There are other poignant little details that John carefully records, as when he tells of our Lord “lifting up his eyes” to the sight of a vast multitude approaching Him, for whom He would subsequently multiply the five barley loaves and two fish (John 6:5). John must have been gazing upon the face of our Lord to have noticed this moment when Christ first caught sight of those coming to Him, a moment and an image that John must have engraved in his own heart and thought important enough to share in His narrative of the miracle. It is John’s way of reassuring us that what he relates in His Gospel he saw and witnessed with his own eyes.

Over the centuries, the Church from the time of the apostles onward has never put the Bible through a “radical makeover” to eliminate difficult-to-grasp or seemingly contradictory passages.
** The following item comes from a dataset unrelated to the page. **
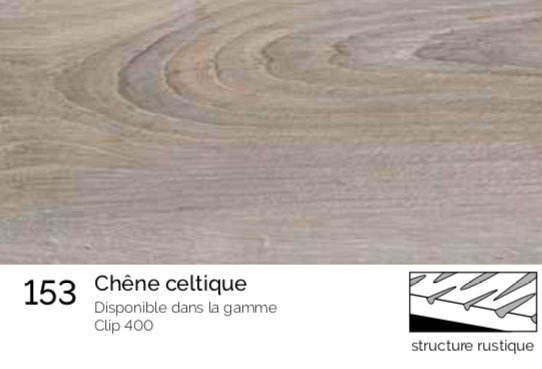 La gamme clip 400 d'une épaisseur de 8 mm s'intègre parfaitement à tous les intérieurs. Riche de 18 modèles de sol, facile à poser grâce avec son système de clip 5G, il saura vous séduire.

Ironically it was the self-proclaimed “sola Scriptura” demagogues of the Protestant Reformation who in fact resorted to a cut-and-paste approach to the Scriptures, cutting whole books out of the Bible and contorting or ignoring the meaning of Bible passages that did not fit into their newly minted version of Christianity.
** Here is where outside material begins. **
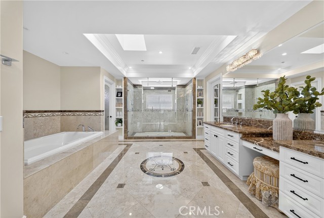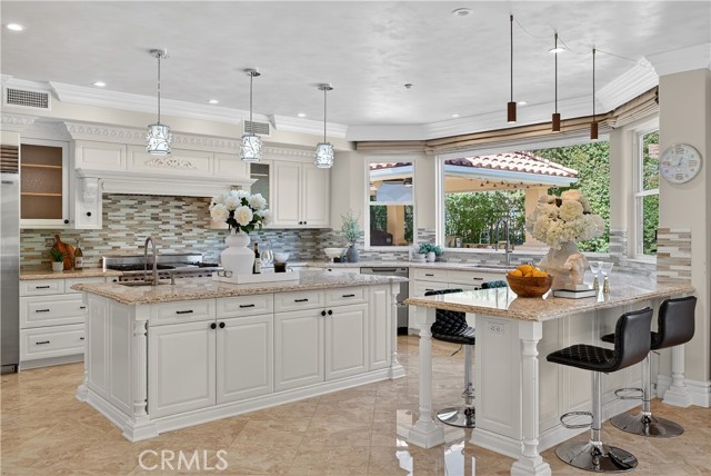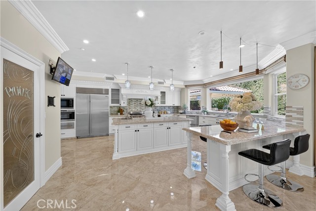 Step into timeless luxury at 2463 Abadejo, a masterfully remodeled residence in La Verne's prestigious gated community in Marshall Canyon Estates with over $700,000 in upgrades, this home has been reimagined into a private retreat where every detail speaks to elegance, comfort, and functionality. Inside, soaring hand-painted ceilings and brand new flooring set the stage for refined living. The chef's kitchen has been completely redesigned with custom cabinetry, a top-of-the-line Sub-Zero refrigerator and professional-grade Wolf appliances, perfect for both everyday meals and hosting gatherings. Each bedroom has been transformed into a private suite, featuring a newly added full bathroom, ensuring ultimate comfort and convenience for family and guests. The primary suite impresses with a customized walk-in closet and a spa-inspired bathroom showcasing dual vanities and dual walk-in showers. The home features a 4-zone central HVAC system and a well designed layout with two bedrooms and spacious common areas on the first floor, and the luxurious primary suite plus two additional bedrooms on the second floor. The upgrades extend outdoors with a completely redone landscape design. Enjoy resort style living with a stunning infinity-edge pool, a custom built pergola with a full outdoor kitchen including BBQ station, refrigerator, heaters, and a mist cooling system creating the ideal setting for entertaining year round. Located in a private, guard-gated community and within an award-winning school district, this residence blends exclusivity with convenience. Offering complete privacy, exceptional craftsmanship, and luxury amenities at every turn, this is not just a home, it's a lifestyle.

This outright honesty of the Bible is why over the last century and a half, those unwilling to accept its undiluted message have had to resort to undermining and even denying its veracity wholesale through the endless machinations of the “higher critical method” of Bible studies, leaving virtually nothing safe or certain.

The point of all we have said here is that skepticism toward the veracity of the Bible not only defies what we as baptized, professing Catholics believe to be certain as a matter of faith; it even defies common sense — something that so much of what passes for “contemporary biblical scholarship” sorely lacks.